Personal information
- Full name: Priyank Kirit Panchal
- Born: 9 April 1990 (age 36) Ahmedabad, Gujarat, India
- Batting: Right-handed
- Bowling: Right-arm medium
- Role: Opening batter

Domestic team information
- 2008–2025: Gujarat
- FC debut: 3 November 2008 Gujarat v Saurashtra
- LA debut: 27 February 2008 Gujarat v Maharashtra

Career statistics
| Competition | FC | LA | T20 |
| Matches | 127 | 97 | 59 |
| Runs scored | 8,856 | 3,672 | 1,522 |
| Batting average | 45.18 | 40.80 | 28.71 |
| 100s/50s | 29/34 | 8/21 | 0/9 |
| Top score | 314* | 136 | 79 |
| Balls bowled | 1,698 | 190 | 66 |
| Wickets | 16 | 4 | 4 |
| Bowling average | 49.25 | 36.75 | 20.75 |
| 5 wickets in innings | 0 | 0 | 0 |
| 10 wickets in match | 0 | 0 | 0 |
| Best bowling | 3/0 | 1/0 | 4/19 |
| Catches/stumpings | 98/– | 62/– | 30/– |
- Source: Cricinfo, 31 March 2025

= Priyank Panchal =

Indian cricketer (born 1990)

Priyank Kiritbhai Panchal (born 9 April 1990) is an Indian former cricketer. He played for Gujarat primarily as a right-handed opening batsman. He was born in Ahmedabad.

== Career ==
Panchal made his first cricketing appearance for the Under-15s in the 2003–04 Polly Umrigar Trophy, in which he played for two seasons. He stepped up to the Under-17s team, for whom, in his last fixture of the 2005–06 Vijay Merchant Trophy, he scored a century. The following season, he played in both the limited-overs competition and the three-day game.

On 27 February 2008, he made his List-A debut against Maharashtra in the Vijay Hazare Trophy, playing for Gujarat, where he scored 123 runs in 115 balls with the help of 17 fours and 1 six.

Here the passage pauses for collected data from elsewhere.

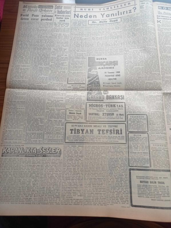 Cumhuriyet Gazetesi - 12 Temmuz 1956 - Muhalefet Partileri Dün Meclise Döndü - Ara Seçimlerinin Bu Sene Yapılmasına Dair Teklif Gürültülere Yol Açtı - Kıbrıs'ta Tedhişçilere Ani Baskınlar Yapıldı - Makarna Yeme Müsabakası - Bedii Faik'in Duruşmasına Dün Sabah Başlandı - Rüyam Kotrası Rakiplerinden 31 Deniz Mili Önde İlerliyor - Beykoz Fabrikası Tehlike Atlattı - Ferid Paşa Yalısını Örten Esrar Perdesi - Karanlıkta Sesler Yazan Perihan Zorlu - Burhan Felek - Üstad Münir Nurettin Selçuk Ve Korosu Bu Akşam Beşiktaş Bahçesinde - Resimli Romanımız Feci Bir Hata - Karacaoğlan Yazan Yaşar Kemal Yazı Dizisi - Bulmaca - Denizcilik Bankası - 150 Belediye Zabıtası Adayı Dün İmtihan Oldu- Galatasaraylı Sporcuların Babası Gündüz Kılıç - Rakipleri İçin Tehlike Üçüncü Beşiktaş - Film Yıldızı Cihan Işık Puro Tuvalet Sabunları Kullanıyorum Diyor - Doğubank, Yunus Nadi tarafından kaleme alınmıştır. Cumhuriyet Gazetesi - 12 Temmuz 1956 - Muhalefet Partileri Dün Meclise Döndü - Ara Seçimlerinin Bu Sene Yapılmasına Dair Teklif Gürültülere Yol Açtı - Kıbrıs'ta Tedhişçilere Ani Baskınlar Yapıldı - Makarna Yeme Müsabakası - Bedii Faik'in Duruşmasına Dün Sabah Başlandı - Rüyam Kotrası Rakiplerinden 31 Deniz Mili Önde İlerliyor - Beykoz Fabrikası Tehlike Atlattı - Ferid Paşa Yalısını Örten Esrar Perdesi - Karanlıkta Sesler Yazan Perihan Zorlu - Burhan Felek - Üstad Münir Nurettin Selçuk Ve Korosu Bu Akşam Beşiktaş Bahçesinde - Resimli Romanımız Feci Bir Hata - Karacaoğlan Yazan Yaşar Kemal Yazı Dizisi - Bulmaca - Denizcilik Bankası - 150 Belediye Zabıtası Adayı Dün İmtihan Oldu- Galatasaraylı Sporcuların Babası Gündüz Kılıç - Rakipleri İçin Tehlike Üçüncü Beşiktaş - Film Yıldızı Cihan Işık Puro Tuvalet Sabunları Kullanıyorum Diyor - Doğubank adlı eser Türkçe dilindedir.
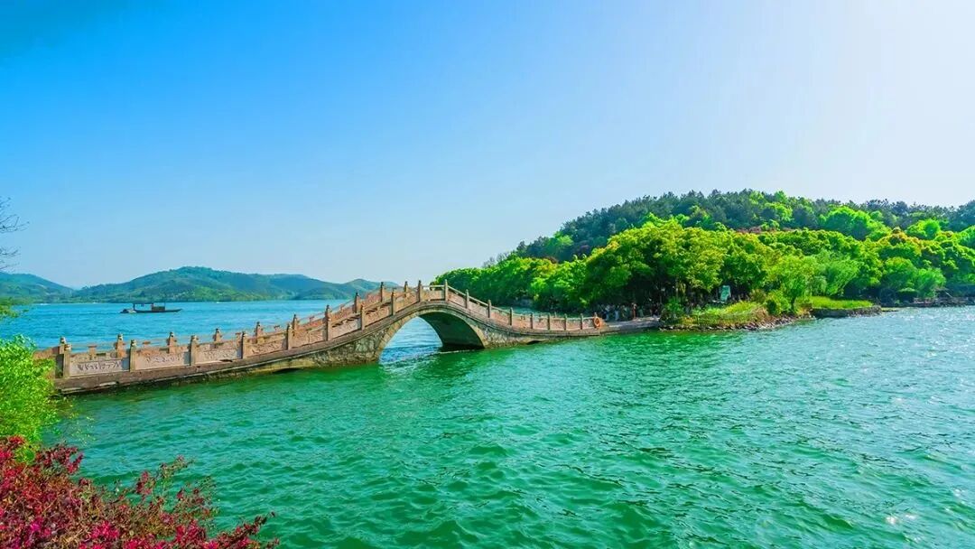 这里是天目湖湿地公园的姊妹亭,玉带桥,美似西湖东湖,它的总面积达11.5平方公里。
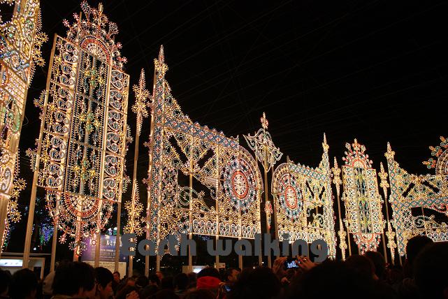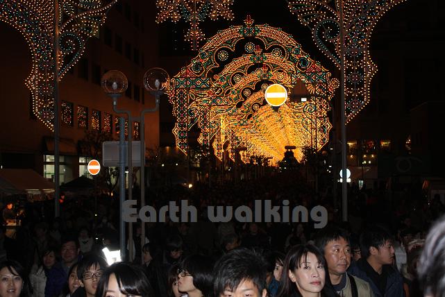 列に加わって、再び大丸の方へ戻ります。ここからはクネクネとした順路に沿って、ルミナリエを目指します。
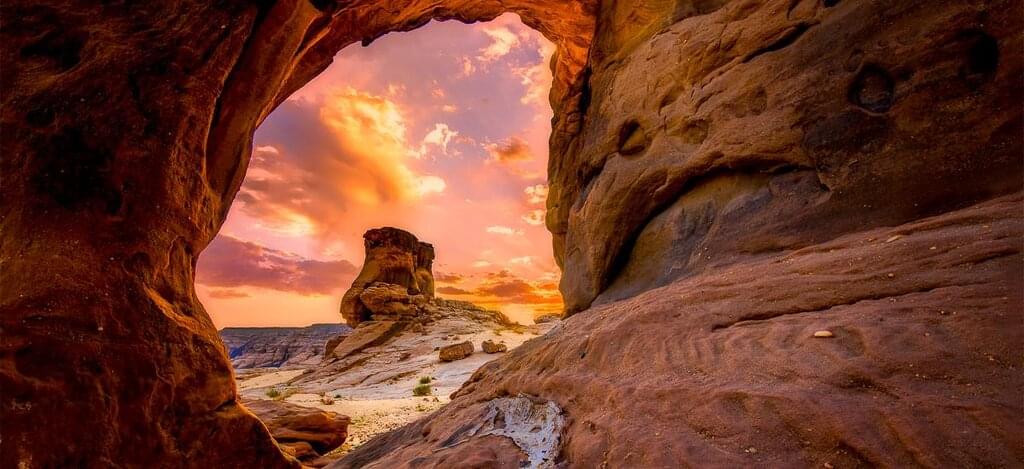 <Heute wirst du in die berühmte Tabuk Provinz fliegen. Diese Region hat eine lange Geschichte, in der sich Millionen von Pilgern aus Ägypten und Jordanien auf dem Weg nach Mekka ausgeruht haben. Die Landschaft hier ist wirklich beeindruckend und wartet darauf, von dir erkundet zu werden. In der Hisma Wüste findest du zahlreiche Aussichtspunkte und spektakuläre Felsformationen, die dich in ihren Bann ziehen werden. Gott sei Dank bieten die Felsen auch Schatten, was dir die Möglichkeit gibt, einen entspannten Spaziergang zu machen und versteckte Orte zu entdecken. Während dieses Spaziergangs versuche still zu sein, um die Geräusche oder sogar die Stille der Wüste zu hören! Und natürlich darf ein romantischer Höhepunkt nicht fehlen: Der malerische Sonnenuntergang in dieser Kulisse wird dich verzaubern und dir unvergessliche Momente bescheren. Lass dich von dem Wunder der Natur faszinieren und in orientalischen Träumen schwelgen.
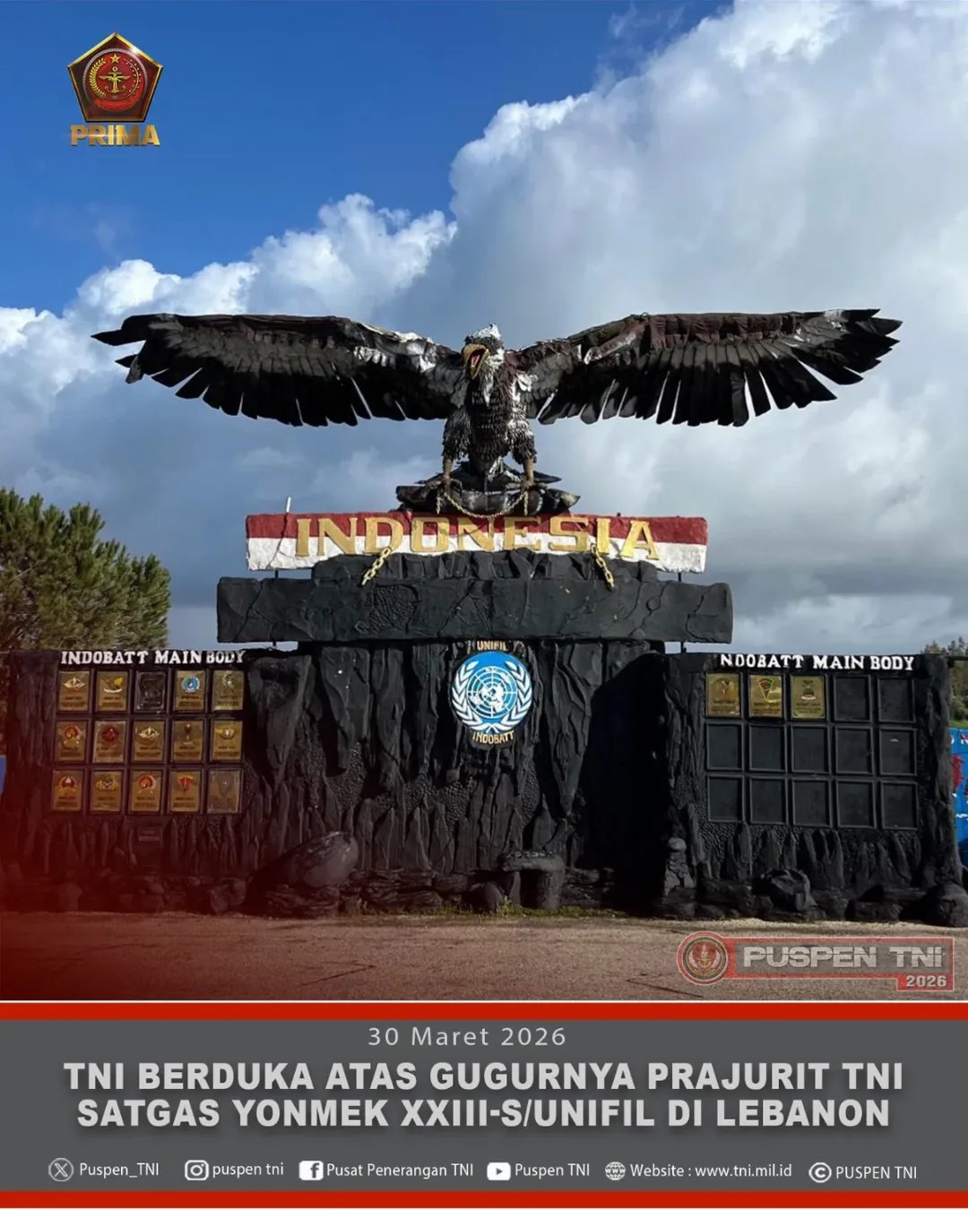 (Puspen TNI). TNI menyampaikan rasa berduka mendalam atas gugurnya satu prajurit TNI serta korban luka yang terjadi karena adanya insiden di daerah penugasan United Nations Interim Force in Lebanon (UNIFIL) akibat eskalasi situasi keamanan pada Minggu, 29 Maret 2026 di Lebanon Selatan.
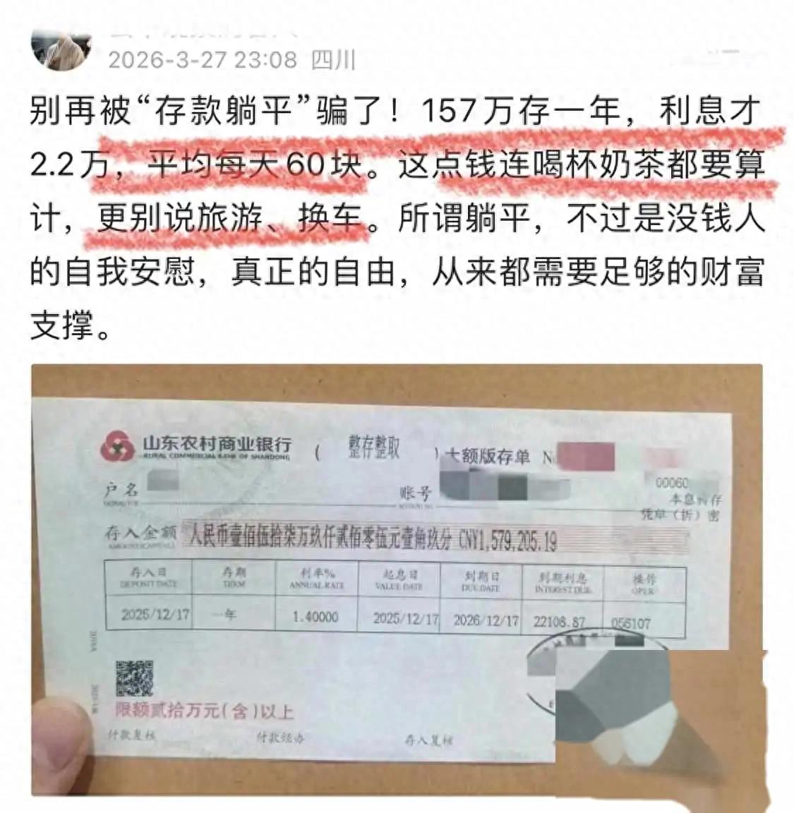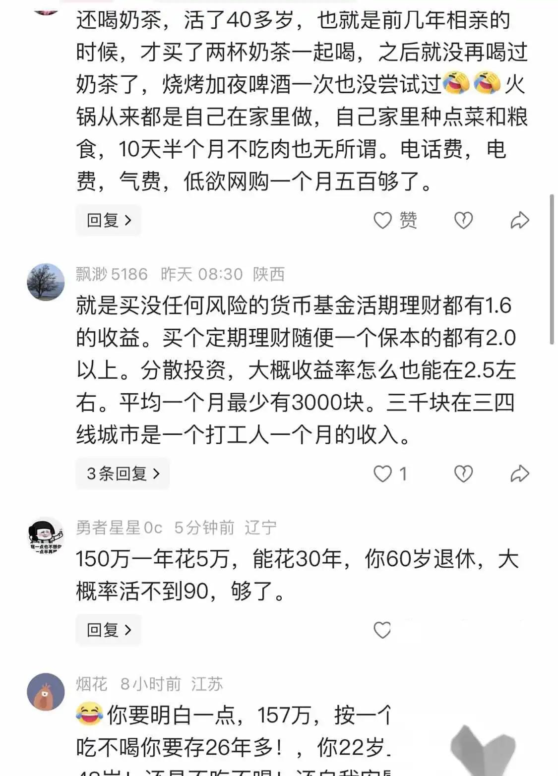 四川网友把157万存银行,一年下来利息2万出头,折合每天60块,这还真不是段子。有人会觉得,157万不算少了吧,按理说日子应该挺滋润,结果冷冰冰的数字啪啪打脸。
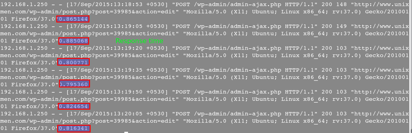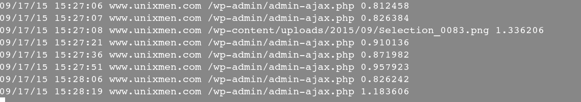 $ justniffer -i eth1 -l "%request.timestamp %request.header.host %request.url %response.time"
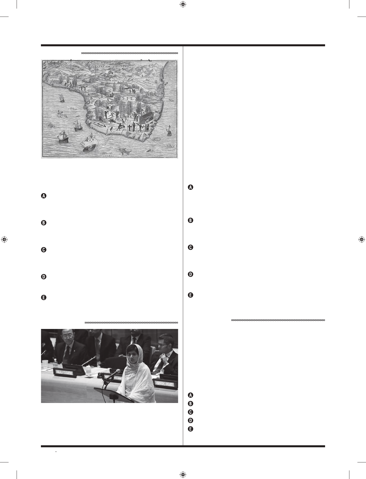 CH – 1o dia | Caderno 1 - Azul - Página 4 QUESTÃO 9 Acervo cedido pela Justiça Federal para a Universidade de São Paulo Esse mapa foi executado por Giacomo Gastaldi, em 1556 e editado na República de Veneza no ano de 1565. A partir da análise do mapa, percebe-se que havia um bom conhecimento da fauna e da flora brasileiras, o que pode ser observado nas figuras desenhadas e na localização e distribuição dos animais e das formações vegetais. não é certo representar indígenas e brancos em interação, trocando bens florestais na zona litorânea, pois esse tipo de relação ocorreu no interior, onde se situavam as florestas. a representação do relevo e da hidrografia nas terras interiores revelava as ações de exploração do terreno, que estava preparando a ocupação das terras pelo colonizador. os detalhes do litoral revelam um maior conhecimento dessa parte do território, enquanto o interior representado era mais fruto de imaginação do que de conhecimento. no limite do trecho conhecido (no poente), há um vulcão em atividade, atualmente inativo, porém bastante útil para a economia da população local. QUESTÃO 10 Disponível em: www.educacao.uol.com.br. A imagem retrata a jovem paquistanesa Malala Yousafzai em discurso na ONU, em julho de 2013, trajando o véu e o xale da ex-premiê do Paquistão Benazir Bhutto, assassinada em 2007 em um atentado político. Leia trechos do discurso de Malala: Queridos amigos, em 09 de outubro de 2012, o Talibã atirou no lado esquerdo da minha testa. Atiraram nos meus amigos também. Eles acharam que aquelas balas nos silenciariam. Mas falharam e, então, do silêncio vieram milhares de vozes. (...) O sábio ditado que diz A caneta é mais poderosa que a espada é verdadeiro. Os extremistas têm medo dos livros e das canetas. O poder da educação os assusta e eles têm medo das mulheres. (...) É por isto que eles mataram 14 estudantes inocentes no recente ataque em Quetta. E é por isto que eles matam professoras. É por isto que eles atacam escolas todos os dias: porque tiveram e têm medo da mudança, da igualdade que vamos trazer para a nossa sociedade. (...) Deixem-nos pegar nossos livros e canetas porque estas são as nossas armas mais poderosas. Uma criança, um professor, um livro e uma caneta podem mudar o mundo. Disponível em: www.ikmr.org.br. Com base no texto, o apelo lançado por Malala simboliza a luta das meninas para frequentarem a escola em países com restrições religiosas, culturais e políticas à instrução feminina, como no caso do Paquistão, sob domínio Talibã, e da Índia, submetida à lei oficial da Sharia. advoga o princípio da educação como arma contra a discriminação muçulmana das minorias étnico-religiosas curda e pachtun e como meio para pacificar a guerra civil em seu país. apoia a formação militar feminina, inspirando-se no programa de Benazir Bhutto, a primeira mulher a ocupar um cargo de chefe de governo de um Estado muçulmano moderno. defende a educação como um dos direitos humanos básicos e como um meio para a libertação dos indivíduos de regimes e crenças excludentes e discriminatórios. sustenta o protagonismo feminino de todas as mulheres e condena todas as religiões, em nome da adoção de um sistema de educação laico e igualitário no Paquistão. QUESTÃO 11 A vegetação varia de local para local baseada, sobretudo, nas características climáticas e de relevo, que acabam por influenciar outros fatores naturais, como a rede hidrográfica e a distribuição dos solos, criando os denominados “biomas”. Nesse sentido, no norte da Europa, Ásia e América do Norte predomina uma vegetação rasteira, de crescimento lento e adaptada ao clima frio e de altas montanhas, que se desenvolve sobre o solo congelado, denominado permafrost. O bioma ao qual essa passagem se refere é denominado de Estepe. Taiga. Floresta Boreal. Floresta Tropical. Tundra.
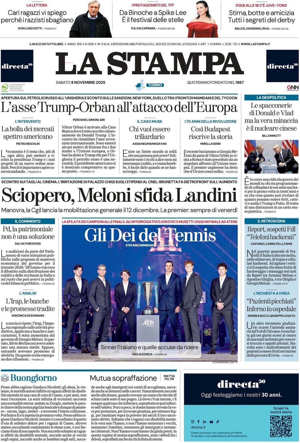 I Titoli Principali da La Stampa di oggi:
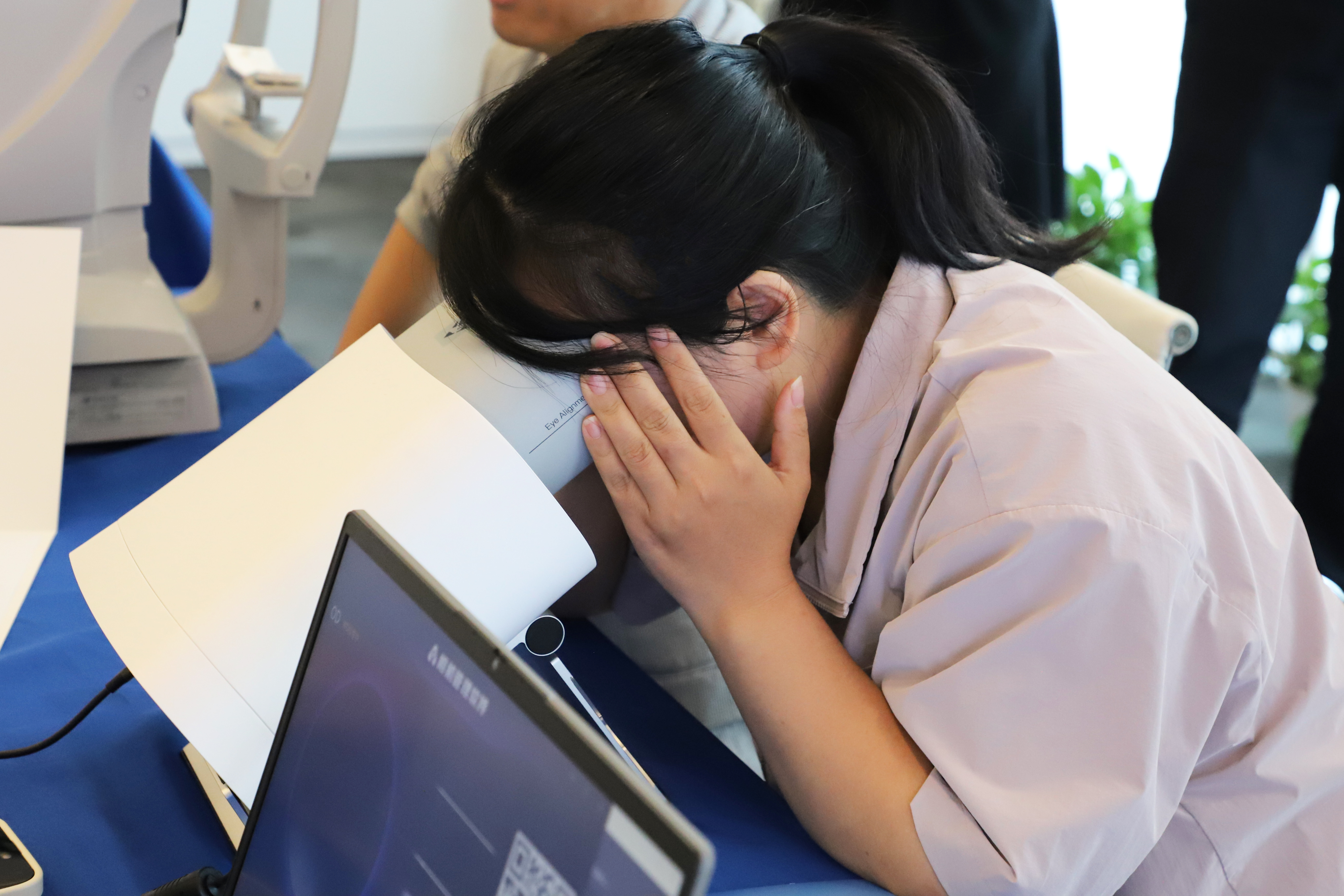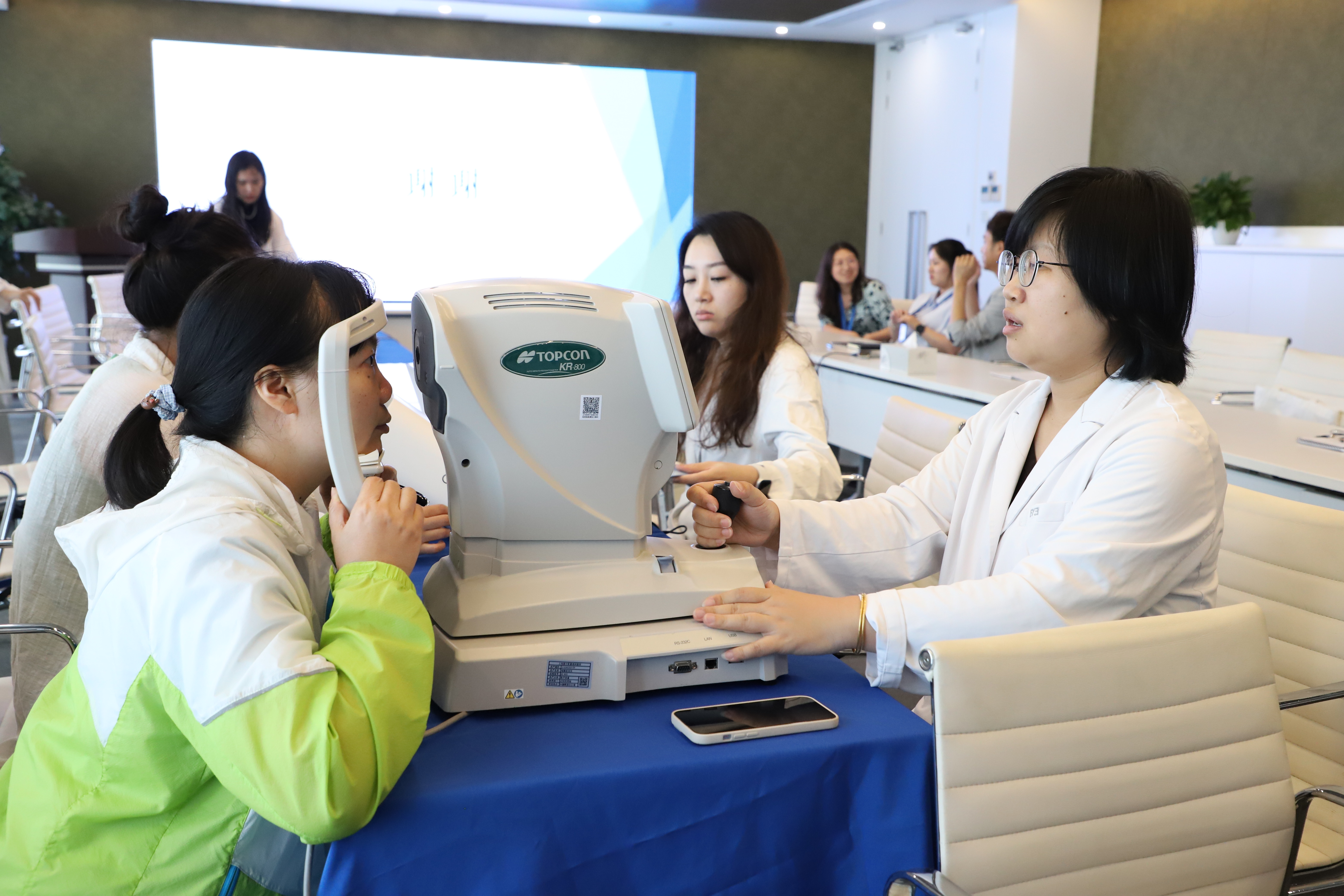 緊接著(zhù),員工們進(jìn)行了一系列專(zhuān)業(yè)的眼科檢查。檢查內容包括電腦驗光、淚分測試、干眼霧化體驗、AI眼底照相,這些檢查項目不僅涵蓋了視力檢測,還評估了眼睛的整體健康狀況。與此同時(shí),醫護人員根據每位員工的檢查結果,為大家建立了詳細的眼部健康檔案,確保每個(gè)人都能及時(shí)了解自己的眼部狀況。

Panchal made his first-class debut in the Ranji Trophy competition the following season, against Saurashtra, in a game which Gujarat won by an innings margin.

In November 2016, Panchal became the first player to score a triple century for Gujarat. The following month, he became the first player for Gujarat to score 1,000 runs in a single Ranji Trophy season. He finished the 2016–17 Ranji Trophy season with the most runs in the competition, with a total of 1,310 from ten matches and seventeen innings.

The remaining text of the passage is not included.